セミレナが悪徳公爵を解放しようとしている?
どうして?
まさか彼女も、裏で魔王軍と繋がっているんじゃないだろうな?
見守っていると、本当に彼女は牢屋の鍵を開けてしまった。
本格的にまずい状況だ。
今すぐエリカを起こして伝えるか?
「た、助かった! こんな場所今すぐおさらばして――がっ!」
「……え?」
ぐしゃ、と。
悪徳領主の胸に穴が開いた。
貫通しているのは、セミレナの細く綺麗な腕だった。
「なっ、に……」
「言ったはずです。あなたを解放してあげると」
「何を……」
「これで解放されますね? この世界からか」
どさっと倒れる悪徳領主。
心臓を一突きされ、即死した。
遠目でもわかる。
大量の血が地下牢の地面にあふれ出る。
「逃がすわけがありません。あなたは魔王に与した。女神様の加護を受ける身でありながら、その慈悲に背いたのです。

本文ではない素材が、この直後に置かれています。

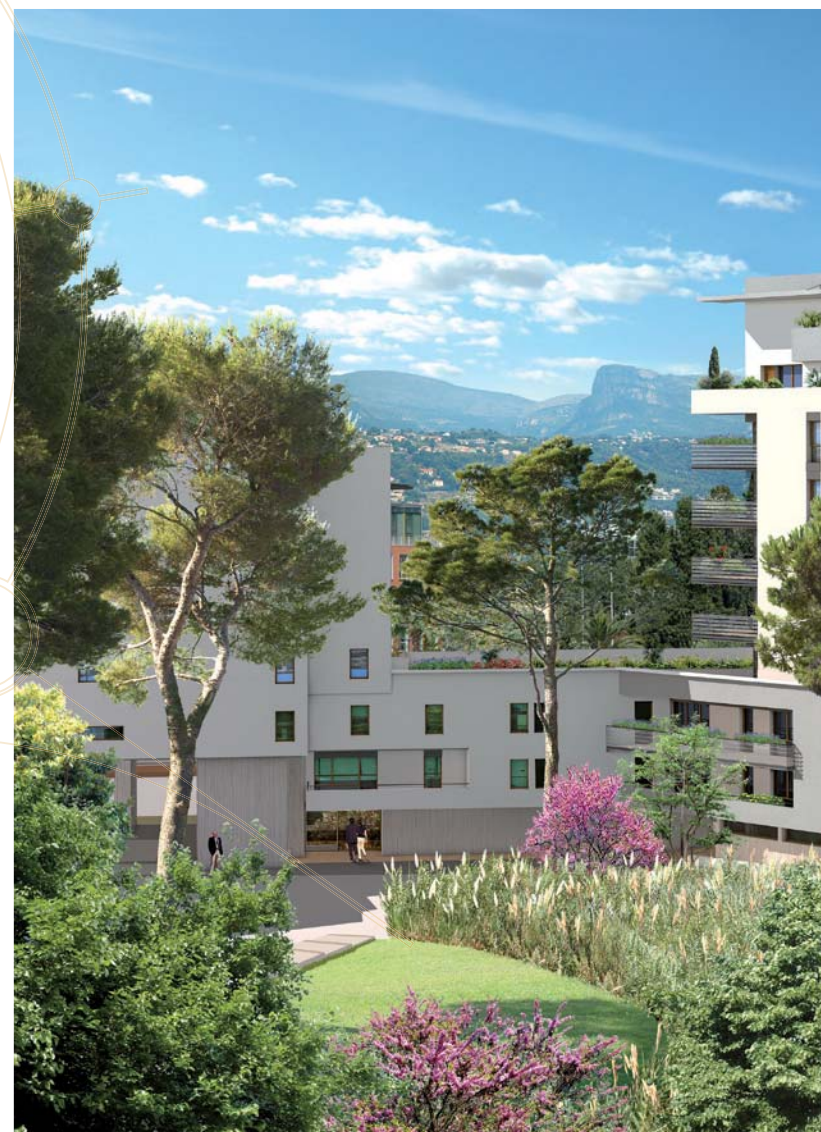
Le jardin intérieur (au second plan les bâtiments F et G)

L'éco-conception de West Parc vous garantit une haute performance énergétique, notamment grâce à une isolation optimisée et une orientation favorisant la lumière naturelle.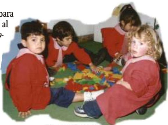
Alumnos Nivel Inicial Col. Ssmo Rosario - Rosario

51. Formamos en y para la libertad , considerando al educando sujeto de su desarrollo , ayudándolo a que tome la vida en sus manos poniéndola al servicio de los demás, en los diversos contextos en que le toque actuar. Fomentamos actitudes de apertura a la verdad del otro, aprendiendo a escuchar, porque creemos que el otro o la otra tienen

万死に値します」
すでに悪徳領主は死んでいる。
言葉を投げかけても返事はない。
だが、セミレナは倒れた悪徳領主を踏みつけて言う。
「あなたに言っているのですよ? 女神様に背いた愚か者! 懺悔なさい! 悔い改めなさい!」
もちろん返事はない。
踏むたびにぐしゃっと音がして、血が飛び散る。
白い聖女の服が、赤く染まっていく。
「ああ、汚い。なんとおぞましい姿……これが女神様に背いた者の末路ですね」
そのまま死体に向かって手を合わせ、祈り始めた。
「我が主に代わり、悪しき魂に鉄槌を下しました。見ていてください」
「……こ」
怖すぎるだろ!
なんだあれ?
あれが彼女の本心なのか?
まったく聖女じゃないんだが……。
あまりの恐怖に後ずさる。
後ろに小石があって、踏んでしまった。
音がする。
当然、彼女にも聞こえる。
「あら? これはこれは……勇者様」
「ぅ……」
バレてしまった。
彼女は血まみれになりながら、俺に笑みを向けた。
敵意はないのに、ものすごく怖い。
「あの……これは……」
「お見苦しいところをお見せしました。悪しき魂は浄化いたしました。ちゃんと清掃もしますので、どうかお気になさらないでください」
「いやいや、そうじゃなくて? そいつ、王国に引き渡すんじゃ……」
「必要ありません。この者は私が、女神様の代わりに罰を与えましたので」
セミレナがニコリと微笑む。
背筋が凍るようだった。
このまま俺まで殺されるんじゃないかと思うほどの恐怖。
ふと、彼女の胸元に目が行く。
普段は服で隠れているが、今は少しはだけていた。
見えたのは金属の円盤だ。
女神の彫刻が彫られ、十字架を重ねたようなデザインの円盤……。
見たことがある。
エリカの授業を思い出した。
この国にはいくつもの民間組織がある。
中でも、王国が危険視する組織の一つがあった。
女神を信仰する宗教団体。
振興のためならあらゆる手段をいとわない過激派。
その名は――
「『神の器』」
「よくご存じですね。さすが勇者様」
嘘だろ?
イカレタ宗教団体だとは聞いているが……。
「セミレナが、そのメンバーだったのか?」
「はい」
彼女は胸元から宗教団体の証である円盤を取り出す。
円盤を見せながら、優しく微笑み告げる。
「私は女神様を愛する者たちの楽園……『神の器』の教祖です」
「きょ……」
こいつがトップかよ!!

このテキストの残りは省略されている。